Slow sand bed filtration is experiencing a renaissance, as it has recently been shown to improve microbiological water quality, and has separation rates of up to 99.9% for Giardia and Cryptospiridium cysts. This system may become popular again, as Giardia cysts are known to have some resistance to chlorination.

 

Separation of impurities is considered to take place in the biological layer. The effective size of sand grains is 0.2mm and this effectively retains all particles larger than 0.02mm. Giardia cysts are about this size, thus filtering into the biological layer.

There is some conflicting discussion as to whether the biolayer is essential in the separation of Giardia, as some research has shown that Giardia is removed in sand filters that do not have a fully developed biolayer. According to research by Logsdon and Fox (1988), slow sand filtration significantly improves water quality parameters.

The separation of total coliform bacteria was 99.4% or greater. This rate depended on bed depth and decreased with depth. Cysts between 7 and 12 µm in size had separation rates of 96.8% or greater.

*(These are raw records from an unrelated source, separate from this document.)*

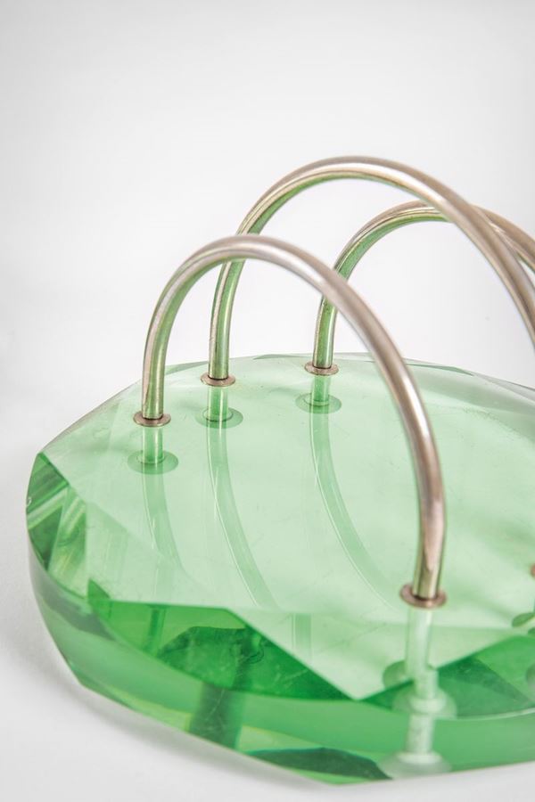 Cristallo di grosso spessore, metallo.
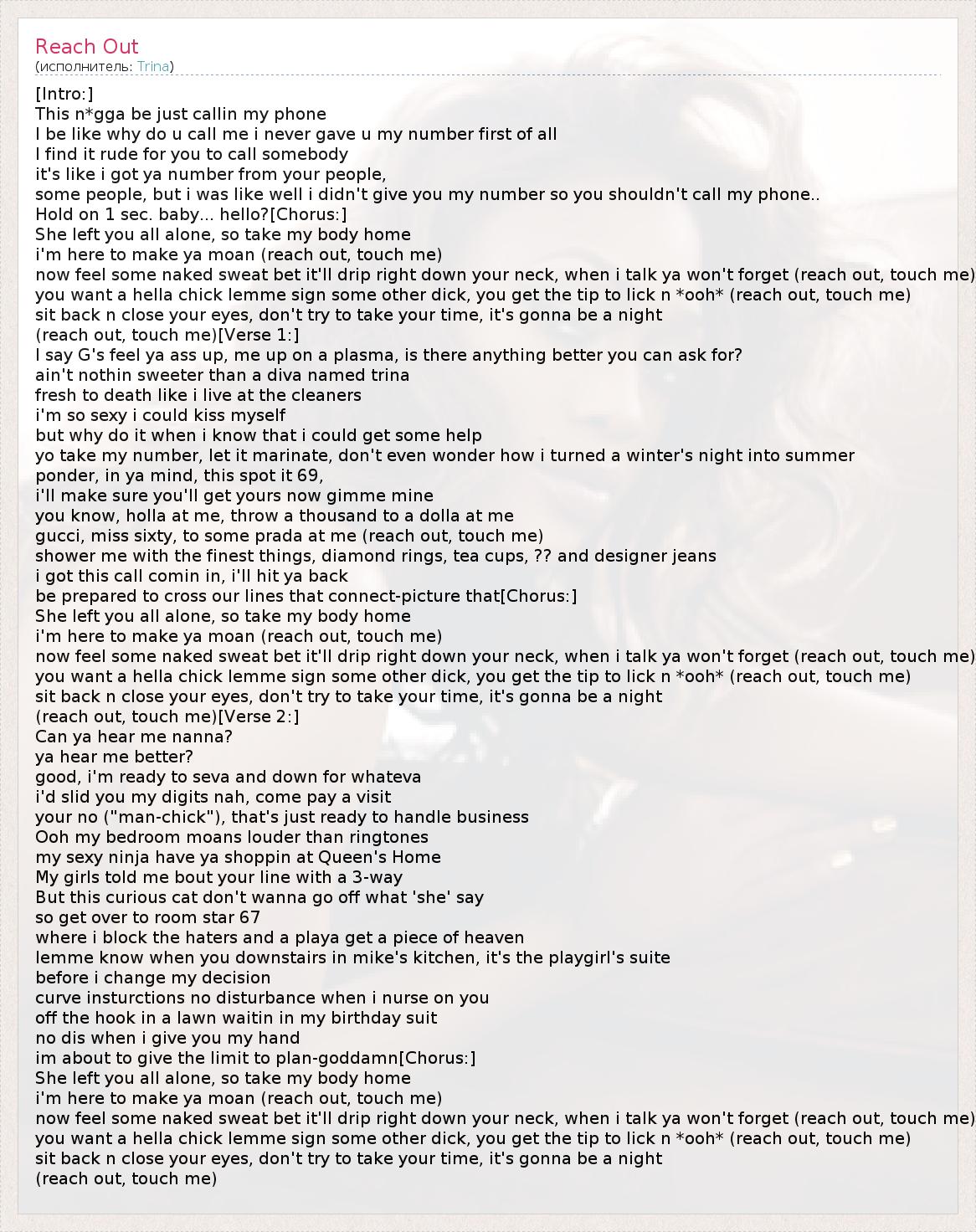 you want a hella chick lemme sign some other dick, you get the tip to lick n *ooh* (reach out, touch me)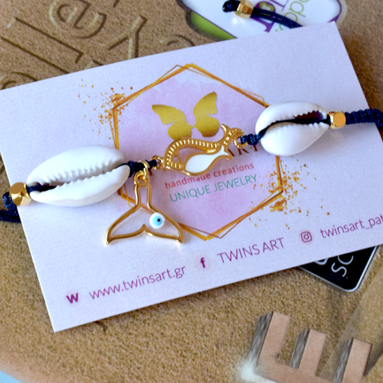 Βραχιόλι με κοχύλια λευκό σμαλτο και μοτίφ φάλαινας 🐳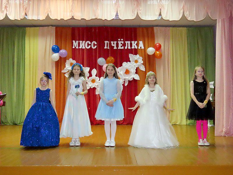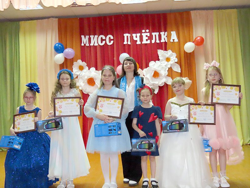 А теперь внимание! «Мисс Элегантность» — Варвара Лукьяненко; «Мисс Очарование — Виктория Болотина; титул «Мисс Артистичность» получила Мария Мушуруева; а вот и сама «Мисс Грация» Дарья Карпова. И заслуженный титул «Мисс «Золотая пчелка — 2025» достается Анастасии Королёвой.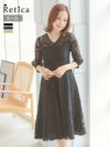 総レースが目を惹く華やかドレス♪ [SALE] Vネックフレア総レースワンピースパーティードレス (Sサイズ~3Lサイズ)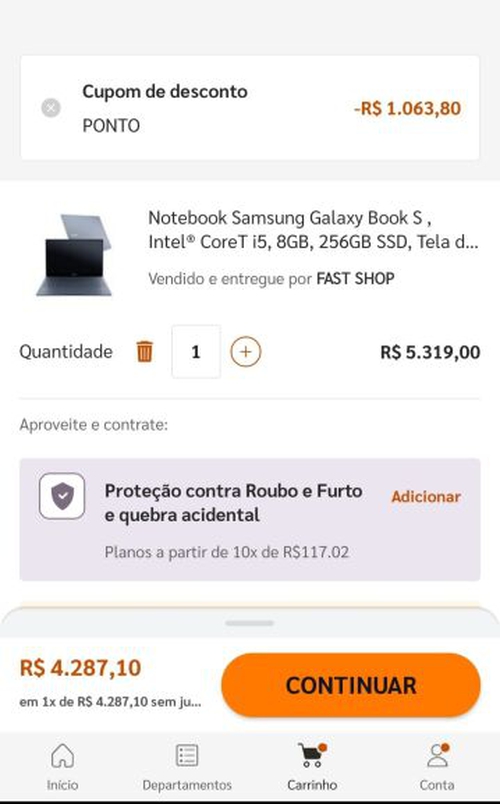Notebook Samsung Galaxy Book S , Intel® CoreT i5, 8GB, 256GB SSD, Tela de 13,3 Touch - NP767XCM-K01BR R$4287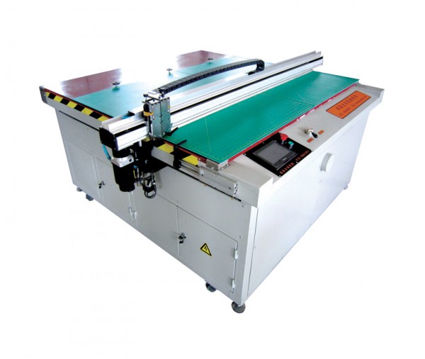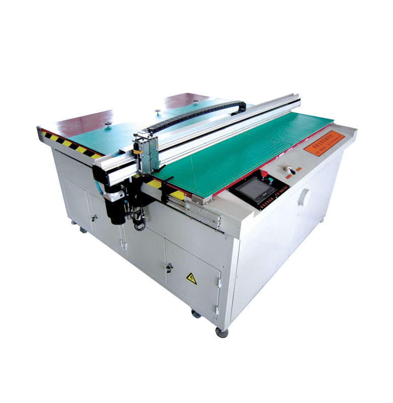 按加工要求在觸摸屏輸入大端尺寸、小端尺寸、長度尺寸、裁切數(shù)量,按下啟動按鈕,自動裁完整張布,也可以按照你的要求在一張布上裁出2個型號的小布。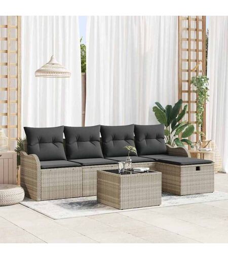vidaXL Tuin Sofa Set met kussen met opslag 6 pcs Lichtgrijs Poly riet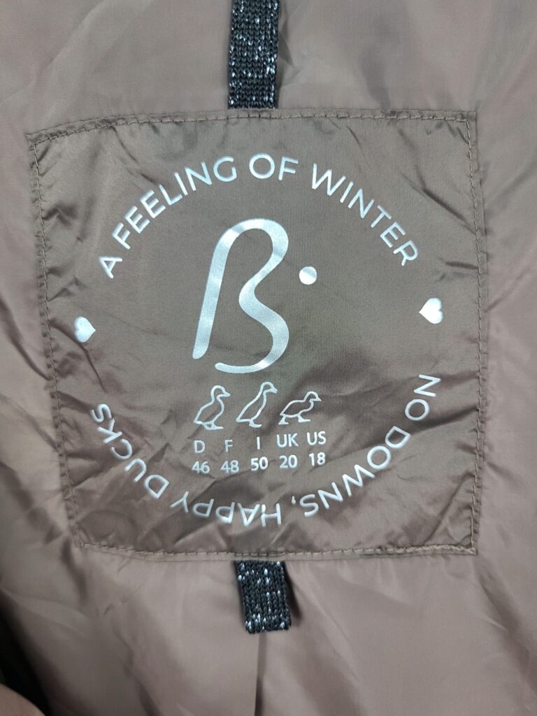 Happy Ducks (Sin Plumas): Este abrigo utiliza un relleno técnico de alta calidad que imita las propiedades térmicas del plumón, pero es 100% sintético y libre de crueldad animal, tal como garantiza su etiqueta interior.

Particle size 1 at 60 µm was 98.1 or larger.

The removal of color is not significant with separation rates only around 25%, the decrease in turbidity with high rates and values ​​that are reduced to 0.5 NTU.

 The cleaning, which is a process to remove the biological layer, and start the process again, lasts two days.

Improvement of the biofiltration process The scientific interest that the slow filtration process has regained is due to the use of other materials for the formation of the filter bed, which are a powerful resource available to engineering when it comes to presenting an alternative to design an urban wastewater treatment plant.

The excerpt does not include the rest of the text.